The drug, deferoxamine, helped diabetic mice heal small
cuts 10 days faster than those who did not receive treatment,
according to researchers from Stanford University School
of Medicine and the Albert Einstein College of Medicine.
The team is now working to arrange human trials for deferoxamine.
If the results translate, it could help doctors combat such
diabetic complications as foot ulcers, an "unmet medical need
of gigantic proportions," said Geoffrey Gurtner, MD, professor
of surgery and senior author on the paper to be published
Monday, July 27, in the Proceedings of the National Academy
of Science.

"As soon as some more studies are done on its efficacy,
it's not going to be difficult to get clinicians to pick
[deferoxamine] up," said Richard Clark, MD, a biomedical
engineer at Stony Brook University of New York who
researches treatments for wound healing and was not
involved in the study. "It's quite a significant work."

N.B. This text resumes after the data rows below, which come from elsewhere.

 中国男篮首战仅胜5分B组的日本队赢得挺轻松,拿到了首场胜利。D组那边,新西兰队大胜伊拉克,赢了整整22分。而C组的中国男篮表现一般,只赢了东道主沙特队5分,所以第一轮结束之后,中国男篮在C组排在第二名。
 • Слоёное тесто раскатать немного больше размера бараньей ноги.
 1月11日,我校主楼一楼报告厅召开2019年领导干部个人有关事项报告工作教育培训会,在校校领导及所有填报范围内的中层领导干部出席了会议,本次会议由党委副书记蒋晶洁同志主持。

Blisters, cuts or pressure sores on diabetic patients'
lower limbs often heal slowly or not at all, putting
patients at risk for infection and amputation.
Internal injuries are an issue, as well: More than 40 percent
of patients hospitalized for heart attacks have clinical
diabetes, and they are less likely to recover fully than
their non-diabetic counterparts.
The reason, say researchers, is that diabetic tissue fails
to reconnect oxygen-deprived areas to the bloodstream with
new vessels.
What they didn't know was why the vessels don't form.

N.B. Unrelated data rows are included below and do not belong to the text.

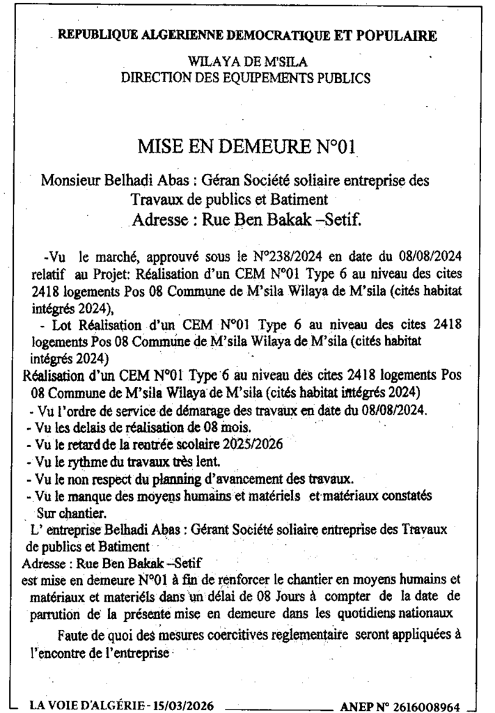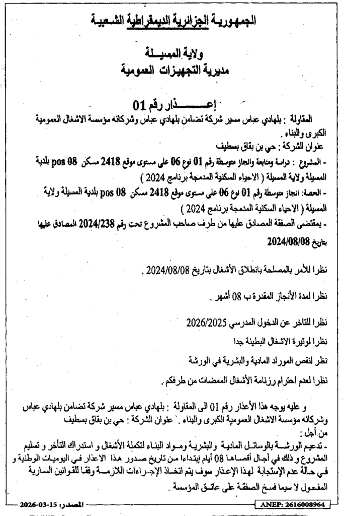 إعلان عن إعذار رقم 01 ادراسة ومتابعة وانجاز متوسطة رقم 01 نوع 06 بلدية المسيلة/ مديرية التجهيزات العمومية لولاية المسيلة
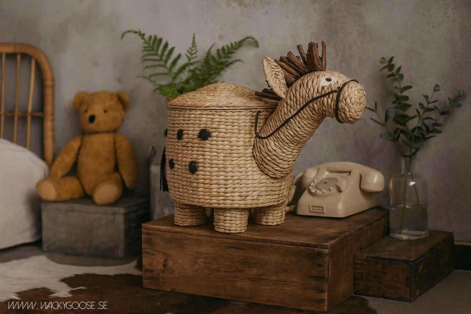 Bobbi-korgen med lock från Bloomingville MINI är perfekt för förvaring och samtidigt en rolig lekkamrat. Den hästformade korgen har ett lock som enkelt kan tas bort, så att det är enkelt för små händer att gripa tag i nallar och leksaker, samt att lägga undan dem igen.
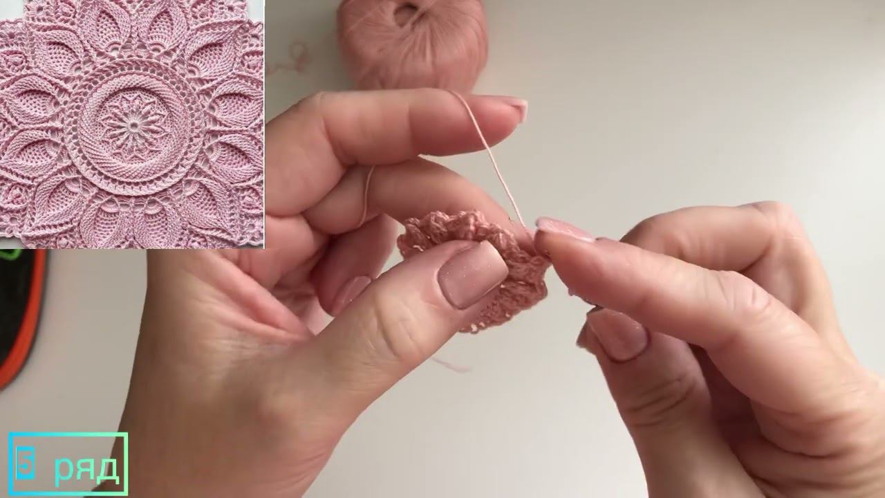 Handmade вязание крючком ажурной рельефной салфетки для начинающих,5 ряд
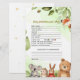 Make your celebration more fun and meaningful with this woodland animals baby shower baby predictions and advice card. This cute design features adorable animals like a fox, bear, bunny, and koala with soft greenery on a light background.

Now, Gurtner and colleagues say the culprit is a transcription
factor that can't thrive in the high-sugar environment of
diabetic tissue.
Their potential treatment, deferoxamine, is already Food and
Drug Administration-approved for the management of chronic
iron-overload disorders.

To tease out a treatment, the researchers first focused on
the mechanisms of healing.
They isolated fibroblasts, the cells that secrete fibers to
heal wounds and bind cells together in an extracellular
matrix.
Normally, such fibroblasts ramp up production of a protein
called vascular endothelial growth factor in response to
low oxygen.
This factor prompts the formation of new blood vessels.
In diabetic cells, however, growth factor production
remained flat.

Previous studies suggested that high glucose-a symptom
of diabetes-might be to blame.
To investigate, the researchers grew healthy fibroblasts
in low or high glucose environments for four weeks,
mimicking healthy and diabetic tissue.
They then exposed the cells to low oxygen.

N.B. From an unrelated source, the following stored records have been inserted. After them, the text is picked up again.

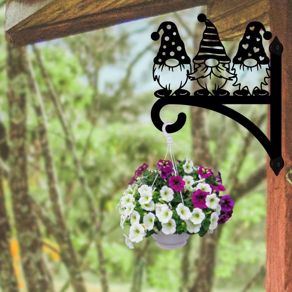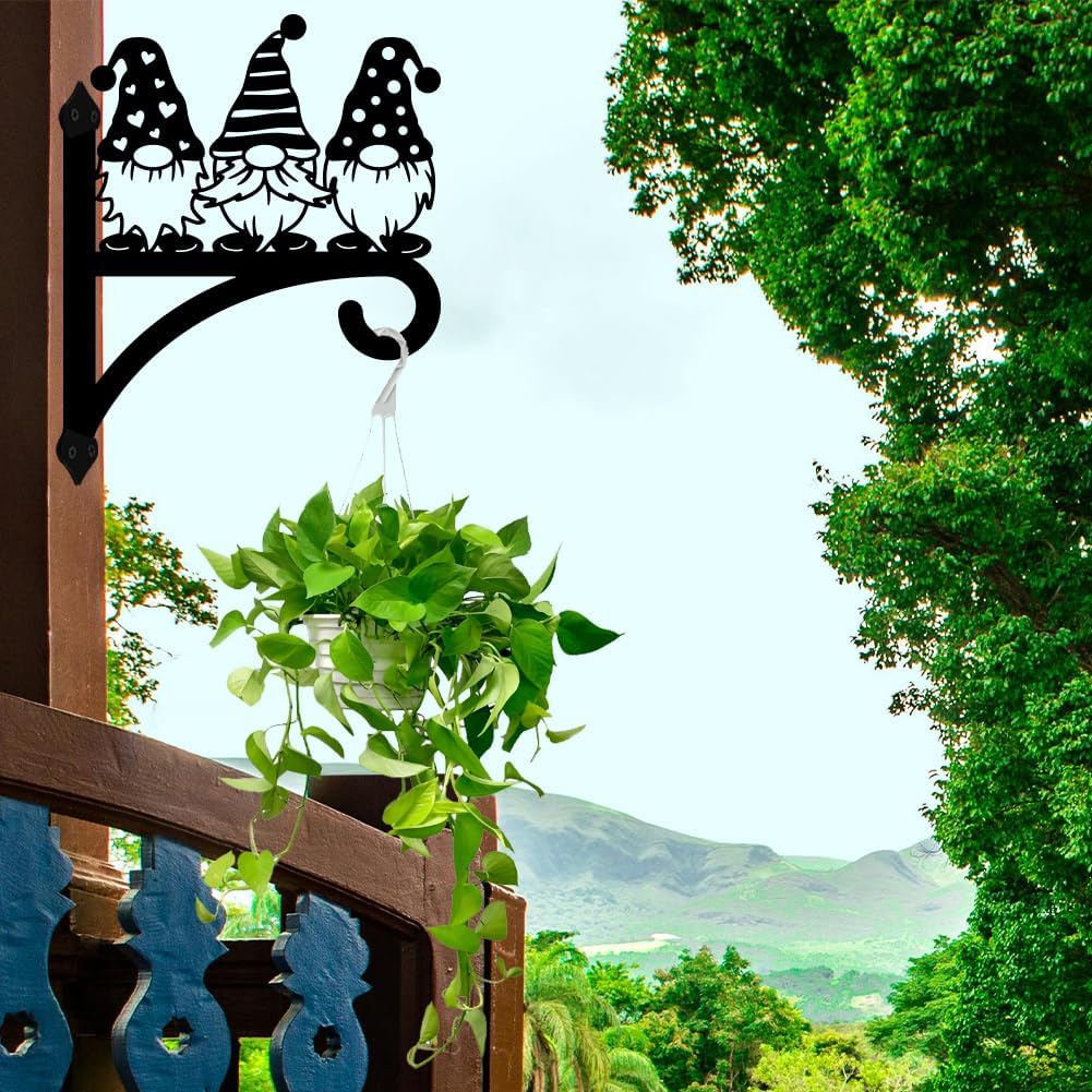 peacoblue Iron Plant Hangers Hooks for Outdoor Indoor Hanging Plants Flower Fern Pots, Lantern, Bird Feeder, 12”x14”Gnome Weather Resistant Metal Wall Brackets Holder for Porch, Garden, House(Gnome)
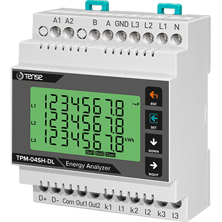 3-phase network analyzer / Network analyzer / Network analyzer - multi-function digital panel meter, current, voltage, frequency and total power display, with relay output, RS485 ModBus RTU - TPM-04SHDL manufacturer TENSE (Turkey) panel meters.
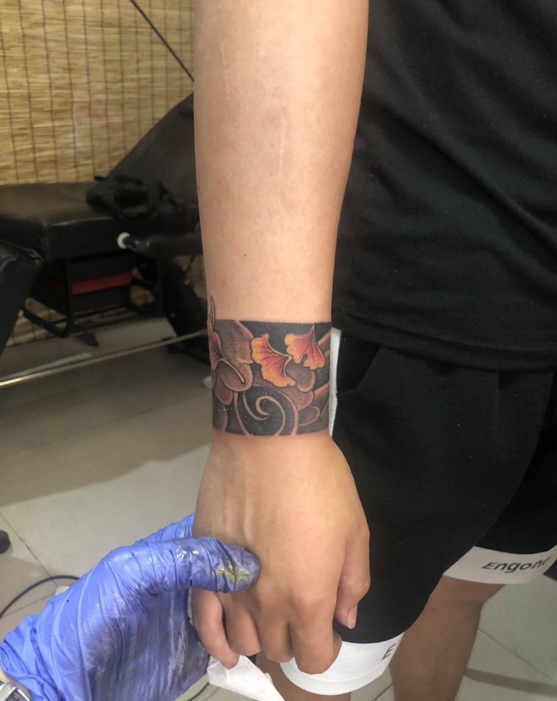 当前位置: 首页 >陕西省西安市纹身店-西安禅门刺青纹身图案>老传统臂环遮盖顾客老纹身纹身图片_手臂老传统纹身图案
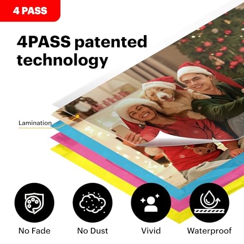 Superior photo quality; Kodak 4PASS technology to print flawless photos in layers of color with a laminating process, making them fingerprint proof, water resistant, and lasting for generations

In response, cells grown in high-glucose ramped up production
of growth factor by only 20 percent, compared with 200 percent
in cells grown in low glucose.
Similar experiments with diabetic and non-diabetic mice
confirmed the findings: High glucose was consistently associated
with minimal growth factor production in low-oxygen environments.

But what was the glucose doing to hobble growth factor production?
The team next looked at hypoxia-inducible factor-1a (HIF-1a), a
protein that acts, Gurtner said, as a "second-to-second oxygen
sensor" in the cell.
When oxygen gets low, HIF-1a binds to DNA to trigger a cellular
response, including production of vascular endothelial growth
factor.

To work efficiently, HIF-1a must bind with a molecule called p300.
That's where the system broke down, the researchers found.
When cells were grown in high-sugar environments, the two molecules
decreased their binding by half.

The problem, said Michael Brownlee, MD, a molecular cell biologist
at the Einstein College of Medicine in New York and co-author on
the paper, is that high glucose inside cells results in the creation
of free radicals, which oxidize iron.
The iron then interacts with other cellular molecules to form
DNA-damaging hydroxyl radicals.
That damage causes a cascade of problems, including malformation
of the p300 protein.
Once damaged, p300 can't effectively bond with HIF-1a.

"What you need to do is interrupt this cascade," Brownlee said.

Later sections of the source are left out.